**Records:**

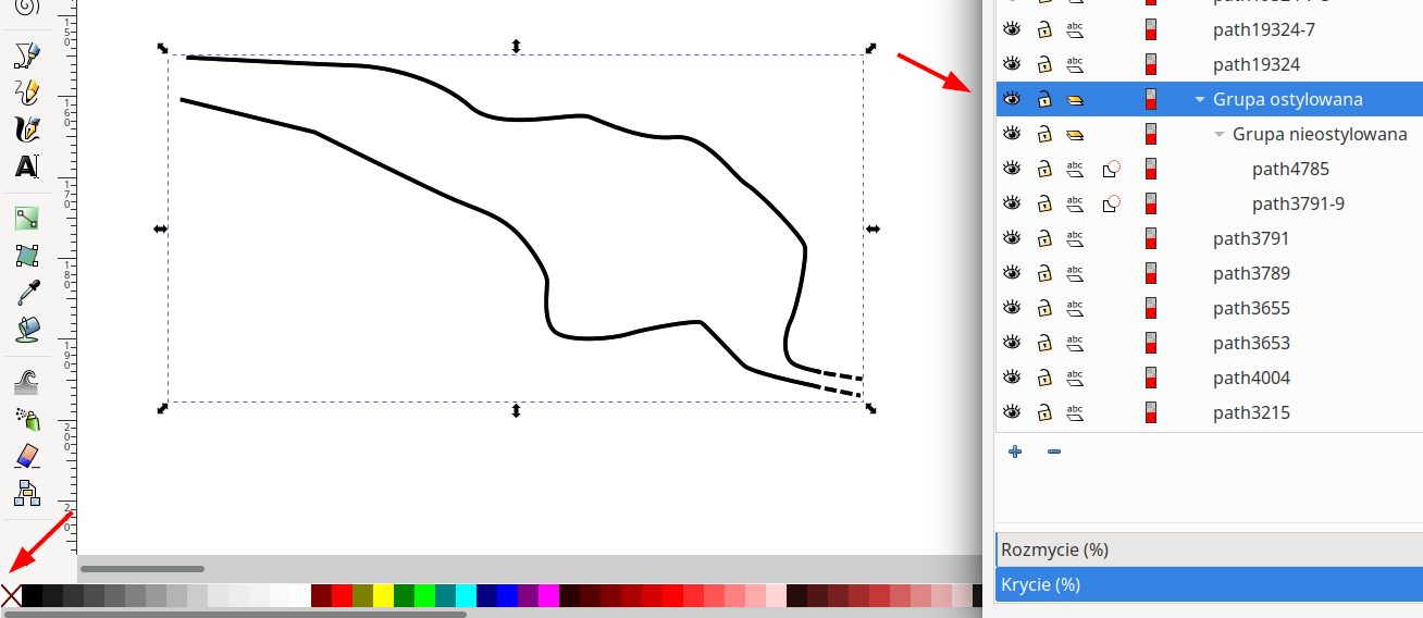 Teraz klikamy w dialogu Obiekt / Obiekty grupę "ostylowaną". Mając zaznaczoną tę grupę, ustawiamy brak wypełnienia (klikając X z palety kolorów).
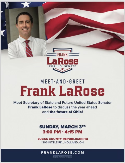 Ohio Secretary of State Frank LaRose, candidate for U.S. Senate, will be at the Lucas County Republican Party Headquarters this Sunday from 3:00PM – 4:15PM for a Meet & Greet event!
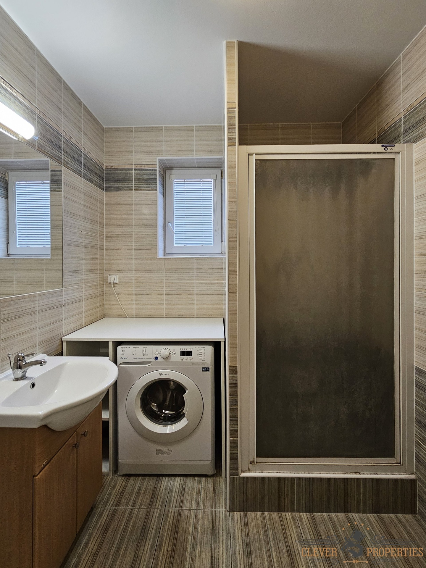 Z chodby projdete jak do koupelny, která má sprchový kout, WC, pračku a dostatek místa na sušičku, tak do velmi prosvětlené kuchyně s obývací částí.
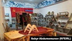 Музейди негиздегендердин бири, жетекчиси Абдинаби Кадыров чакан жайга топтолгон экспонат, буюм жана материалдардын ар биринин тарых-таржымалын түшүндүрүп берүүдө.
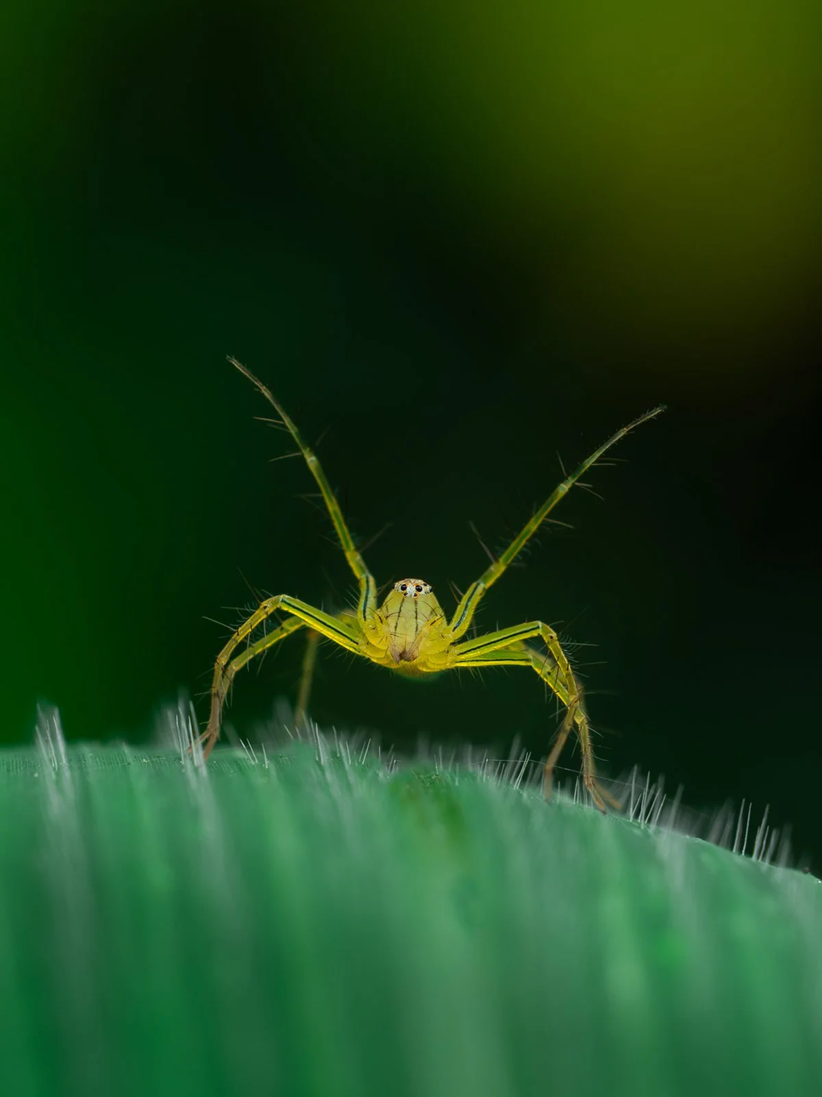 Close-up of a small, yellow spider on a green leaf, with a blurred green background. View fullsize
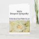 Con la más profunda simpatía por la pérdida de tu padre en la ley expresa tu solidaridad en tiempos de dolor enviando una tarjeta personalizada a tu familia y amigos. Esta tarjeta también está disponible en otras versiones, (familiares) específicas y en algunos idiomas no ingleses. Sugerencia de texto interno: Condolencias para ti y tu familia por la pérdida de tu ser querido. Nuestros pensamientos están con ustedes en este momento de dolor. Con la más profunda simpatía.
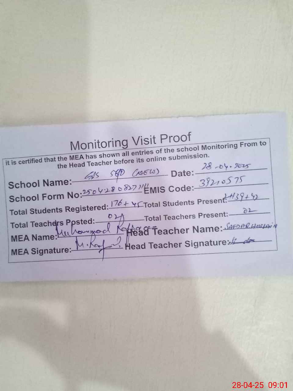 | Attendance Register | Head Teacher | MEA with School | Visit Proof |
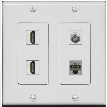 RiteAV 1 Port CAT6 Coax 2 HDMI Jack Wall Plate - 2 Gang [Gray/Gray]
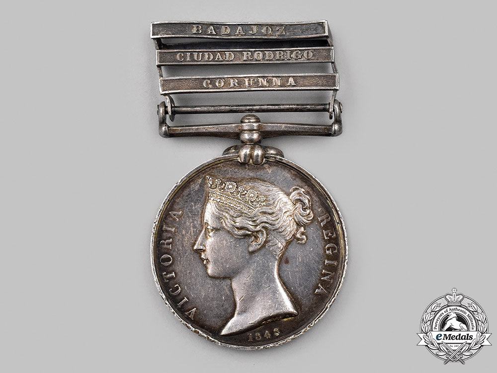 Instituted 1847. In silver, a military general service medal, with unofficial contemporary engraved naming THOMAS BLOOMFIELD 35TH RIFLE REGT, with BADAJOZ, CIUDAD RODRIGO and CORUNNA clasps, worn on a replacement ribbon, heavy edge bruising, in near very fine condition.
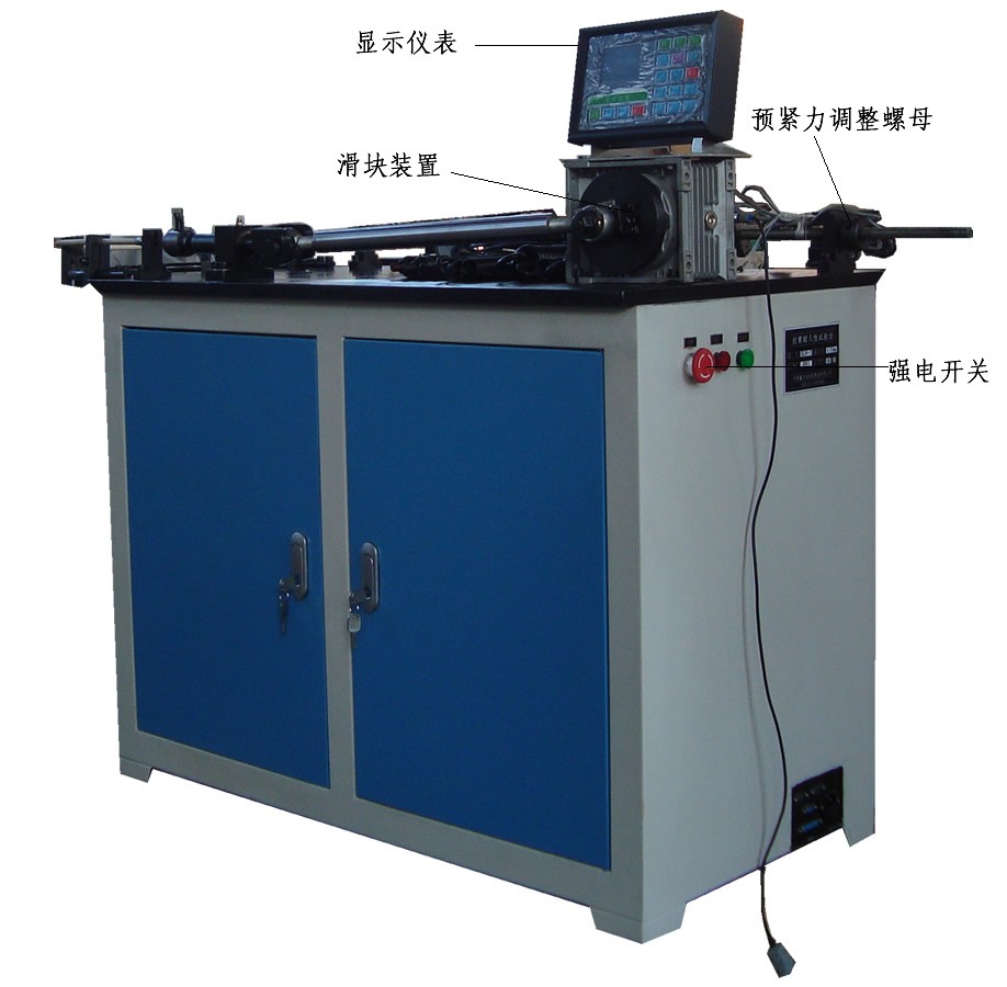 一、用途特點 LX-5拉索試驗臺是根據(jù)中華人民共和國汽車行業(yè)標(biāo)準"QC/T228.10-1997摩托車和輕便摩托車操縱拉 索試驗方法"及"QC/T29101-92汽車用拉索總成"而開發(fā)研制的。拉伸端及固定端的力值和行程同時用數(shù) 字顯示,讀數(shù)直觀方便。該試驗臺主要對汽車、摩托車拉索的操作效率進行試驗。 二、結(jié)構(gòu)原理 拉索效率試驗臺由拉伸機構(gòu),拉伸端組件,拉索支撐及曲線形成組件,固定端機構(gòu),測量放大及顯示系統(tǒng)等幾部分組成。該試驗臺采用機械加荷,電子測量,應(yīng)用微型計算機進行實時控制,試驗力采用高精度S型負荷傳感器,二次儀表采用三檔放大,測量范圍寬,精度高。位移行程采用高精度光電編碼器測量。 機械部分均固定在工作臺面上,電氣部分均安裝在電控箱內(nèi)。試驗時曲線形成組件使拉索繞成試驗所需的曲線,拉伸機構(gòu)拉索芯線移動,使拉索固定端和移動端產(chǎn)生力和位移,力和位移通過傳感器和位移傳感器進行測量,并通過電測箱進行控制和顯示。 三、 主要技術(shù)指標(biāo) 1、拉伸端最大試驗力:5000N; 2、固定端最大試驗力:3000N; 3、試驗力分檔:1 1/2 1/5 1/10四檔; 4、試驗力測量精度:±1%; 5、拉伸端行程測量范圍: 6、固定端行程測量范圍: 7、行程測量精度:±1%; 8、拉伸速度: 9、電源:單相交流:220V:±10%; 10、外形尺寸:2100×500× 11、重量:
...
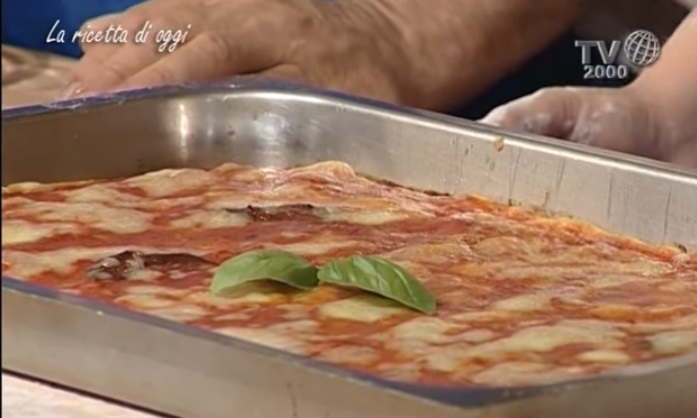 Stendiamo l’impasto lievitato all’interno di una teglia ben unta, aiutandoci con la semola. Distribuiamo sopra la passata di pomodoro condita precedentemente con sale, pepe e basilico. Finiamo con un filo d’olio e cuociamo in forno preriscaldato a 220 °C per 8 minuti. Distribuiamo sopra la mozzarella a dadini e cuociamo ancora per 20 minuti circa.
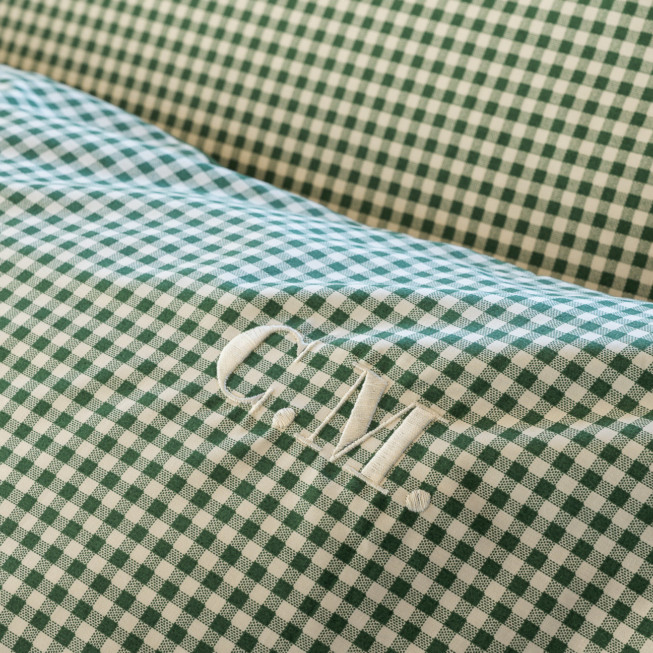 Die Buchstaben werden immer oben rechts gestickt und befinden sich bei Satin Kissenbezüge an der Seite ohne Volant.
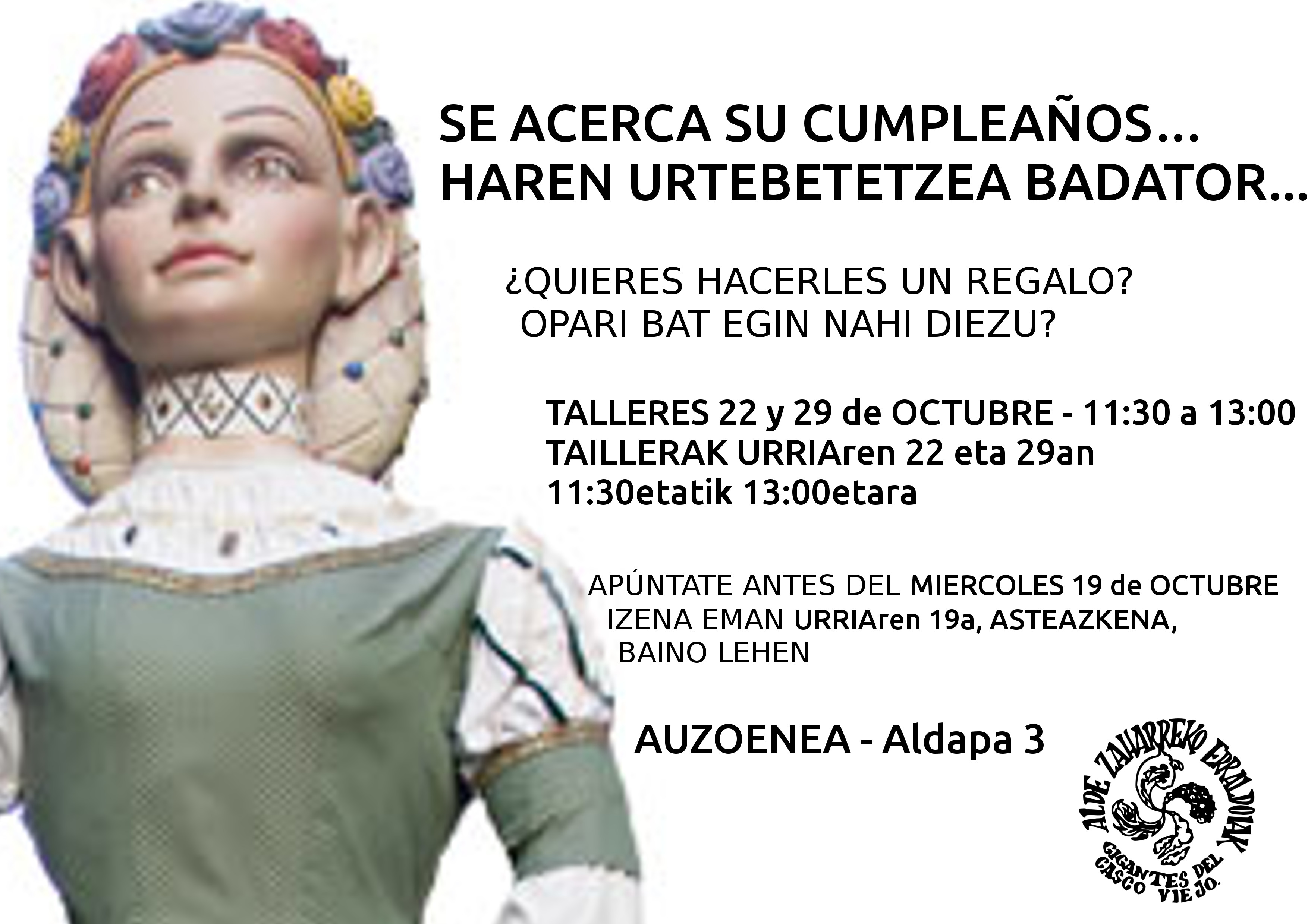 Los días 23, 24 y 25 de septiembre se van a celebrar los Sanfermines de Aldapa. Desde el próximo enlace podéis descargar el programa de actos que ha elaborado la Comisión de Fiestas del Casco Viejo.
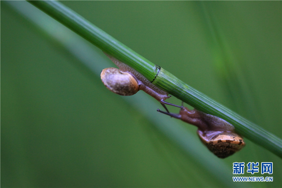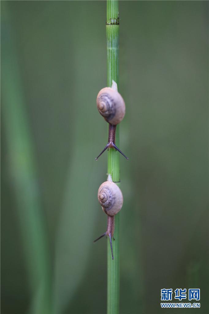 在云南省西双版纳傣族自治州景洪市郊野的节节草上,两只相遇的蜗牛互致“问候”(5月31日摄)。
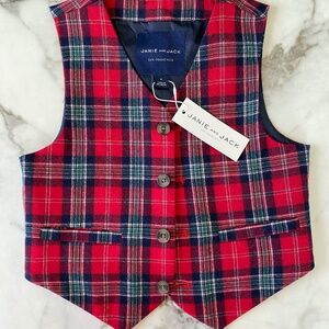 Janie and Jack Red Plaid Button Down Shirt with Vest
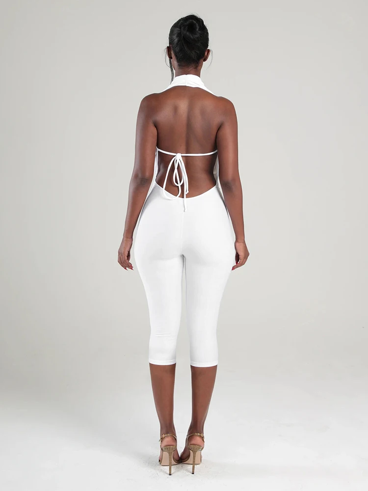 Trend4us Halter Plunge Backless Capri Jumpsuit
...
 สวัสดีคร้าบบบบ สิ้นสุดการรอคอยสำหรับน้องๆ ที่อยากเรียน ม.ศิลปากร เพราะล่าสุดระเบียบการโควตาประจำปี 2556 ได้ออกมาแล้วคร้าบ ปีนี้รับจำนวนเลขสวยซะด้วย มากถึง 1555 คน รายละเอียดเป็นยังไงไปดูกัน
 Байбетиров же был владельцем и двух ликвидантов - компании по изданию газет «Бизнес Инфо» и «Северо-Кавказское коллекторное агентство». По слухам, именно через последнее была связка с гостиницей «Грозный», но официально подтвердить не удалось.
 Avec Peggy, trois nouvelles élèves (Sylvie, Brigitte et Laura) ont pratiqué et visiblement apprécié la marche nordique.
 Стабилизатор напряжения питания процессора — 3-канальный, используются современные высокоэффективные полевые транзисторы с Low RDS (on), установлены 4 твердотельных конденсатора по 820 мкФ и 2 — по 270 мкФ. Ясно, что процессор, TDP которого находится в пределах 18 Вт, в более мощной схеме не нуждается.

**What needs to be done:** Extract the part of the records that opens with the line containing "Музейди негиздегендердин бири, жетекчиси" and closes with the line containing "三、 主要技術(shù)指標(biāo) 1、拉伸端最大試驗力:5000N;". Take only those lines, exactly, and no pictures.

**Response:**
 Музейди негиздегендердин бири, жетекчиси Абдинаби Кадыров чакан жайга топтолгон экспонат, буюм жана материалдардын ар биринин тарых-таржымалын түшүндүрүп берүүдө.
 Close-up of a small, yellow spider on a green leaf, with a blurred green background. View fullsize
 Con la más profunda simpatía por la pérdida de tu padre en la ley expresa tu solidaridad en tiempos de dolor enviando una tarjeta personalizada a tu familia y amigos. Esta tarjeta también está disponible en otras versiones, (familiares) específicas y en algunos idiomas no ingleses. Sugerencia de texto interno: Condolencias para ti y tu familia por la pérdida de tu ser querido. Nuestros pensamientos están con ustedes en este momento de dolor. Con la más profunda simpatía.
 | Attendance Register | Head Teacher | MEA with School | Visit Proof |
 RiteAV 1 Port CAT6 Coax 2 HDMI Jack Wall Plate - 2 Gang [Gray/Gray]
 Instituted 1847. In silver, a military general service medal, with unofficial contemporary engraved naming THOMAS BLOOMFIELD 35TH RIFLE REGT, with BADAJOZ, CIUDAD RODRIGO and CORUNNA clasps, worn on a replacement ribbon, heavy edge bruising, in near very fine condition.
 一、用途特點 LX-5拉索試驗臺是根據(jù)中華人民共和國汽車行業(yè)標(biāo)準"QC/T228.10-1997摩托車和輕便摩托車操縱拉 索試驗方法"及"QC/T29101-92汽車用拉索總成"而開發(fā)研制的。拉伸端及固定端的力值和行程同時用數(shù) 字顯示,讀數(shù)直觀方便。該試驗臺主要對汽車、摩托車拉索的操作效率進行試驗。 二、結(jié)構(gòu)原理 拉索效率試驗臺由拉伸機構(gòu),拉伸端組件,拉索支撐及曲線形成組件,固定端機構(gòu),測量放大及顯示系統(tǒng)等幾部分組成。該試驗臺采用機械加荷,電子測量,應(yīng)用微型計算機進行實時控制,試驗力采用高精度S型負荷傳感器,二次儀表采用三檔放大,測量范圍寬,精度高。位移行程采用高精度光電編碼器測量。 機械部分均固定在工作臺面上,電氣部分均安裝在電控箱內(nèi)。試驗時曲線形成組件使拉索繞成試驗所需的曲線,拉伸機構(gòu)拉索芯線移動,使拉索固定端和移動端產(chǎn)生力和位移,力和位移通過傳感器和位移傳感器進行測量,并通過電測箱進行控制和顯示。 三、 主要技術(shù)指標(biāo) 1、拉伸端最大試驗力:5000N; 2、固定端最大試驗力:3000N; 3、試驗力分檔:1 1/2 1/5 1/10四檔; 4、試驗力測量精度:±1%; 5、拉伸端行程測量范圍: 6、固定端行程測量范圍: 7、行程測量精度:±1%; 8、拉伸速度: 9、電源:單相交流:220V:±10%; 10、外形尺寸:2100×500× 11、重量:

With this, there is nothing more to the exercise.